Travel to Indonesia: Jakarta: the VOC
In 1610, almost a century after the Portuguese arrival in 1522, the Dutch were allowed to build a warehouse at Jayakarta. Within a decade, they took control of the place, renamed it Batavia after the Bataven--a proto-Dutch tribe who beat the Romans in the first century--and established it as the head of their East Indian empire. That empire was ruled by the United East Indies Company (the Verenigde Oost-Indische Compagnie, or VOC, established in 1602) until the company's bankruptcy in 1799; from then until 1949, the Dutch crown ruled. The name Batavia survived until 1942 or 1943, when the Japanese took over and restored the older name Jayakarta in a slightly revised form.
This picture was taken near the schooners shown in the previous chapter and looks south toward a Dutch lookout tower shown more closely in the next picture. On the right, the Pasar Ikan, or covered fish market.
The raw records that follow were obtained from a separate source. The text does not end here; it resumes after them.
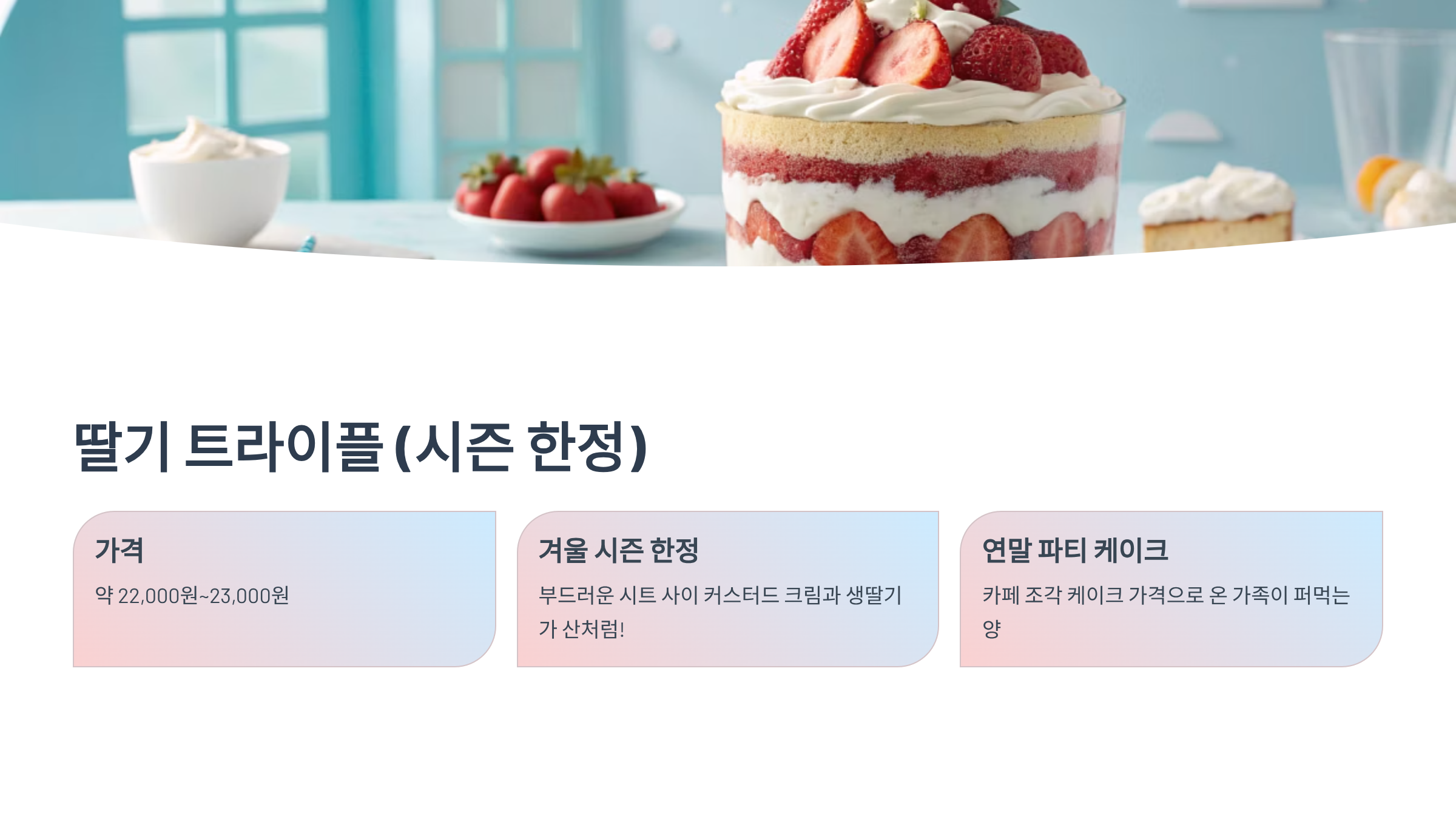 - 추천 이유: 겨울 시즌에만 나오는 한정판! 부드러운 시트 사이에 커스터드 크림과 생딸기가 산처럼 쌓여 있습니다. 카페에서 조각 케이크 한 조각 가격으로 온 가족이 퍼먹을 수 있는 양입니다. 연말 파티 케이크로 이만한 게 없습니다.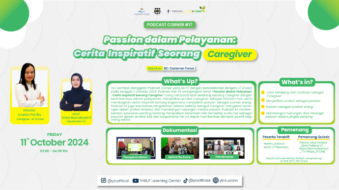 Podcast Corner #17 disampaikan oleh narasumber dari UT D'care , Imelda Pricilia, yang didampingi oleh Anna Nurcahyanti sebagai host. Narasumber dan host memberikan pemaparan yang interaktif dan berbobot, menjadikan suasana podcast tetap menarik dan informatif. Bagi para pendengar yang terdiri dari karyawan entitas YKBUT dan eksternal, topik ini menjadi relevan karena berisi pemahaman mengenai Menjadikan profesi sebagai passion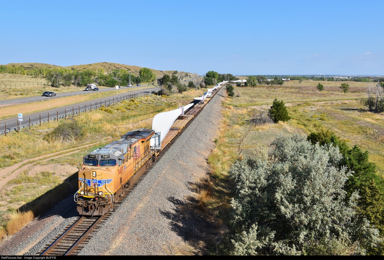 UP 7407 runs solo duty as it leads a windmill blade train south on the Joint Line through Nixon, Colorado.

The Uitkijk or Lookout Tower was built only in 1839, after the VOC had collapsed. Still, the wall under the lookout tower is part of the VOC's original city wall, the Culemborg, which also embraced a fortress, the kasteel, that Governor Daendels demolished in 1809.
The date is 1718--late days for the VOC. Behind it was a godown, or warehouse for trade goods.
We're about to go inside one of those warehouses, shown on the left. But here is a surviving bit of the old city wall, with a hemispherically capped guardhouse down the way a piece. On the right, the road to Pasar Ikan, the fish market shown earlier.
Have your bearings?
The warehouse is part of a complex built in 1652 and now housing a maritime museum, the Museum Bahari.
"Solidly constructed" is an understatement.
The beams are massive.
The place must have been stuffed, even the attics filled with pepper, cloves, nutmeg, coffee, tea.
The roof was the weak point in the structure: tile laid on framing.
Looking west from the museum: a little Venice, though the buildings are reputed to have been Dutch prisons.
A closer view.
Immediately to the south is the VOC shipyard, closed in 1809 and recently converted to a restaurant. That's the VOC logo you see on the wall.
The shipyard from the inside. Boats were dragged from the canal behind the camera.
Several surviving VOC structures are well cared for now.
The Kali Besar, or (not so poetically) Big Canal. Jan Pieterzoon Coen was the first governor-general of Batavia, and it was under his direction that the Dutch began imposing a Dutch town atop Vijayakarta. We've seen some of the Dutch handiwork, but a lot more reaches upstream from this bridge, the Chicken Market Bridge, built in 1655 and the only surviving bridge of its time.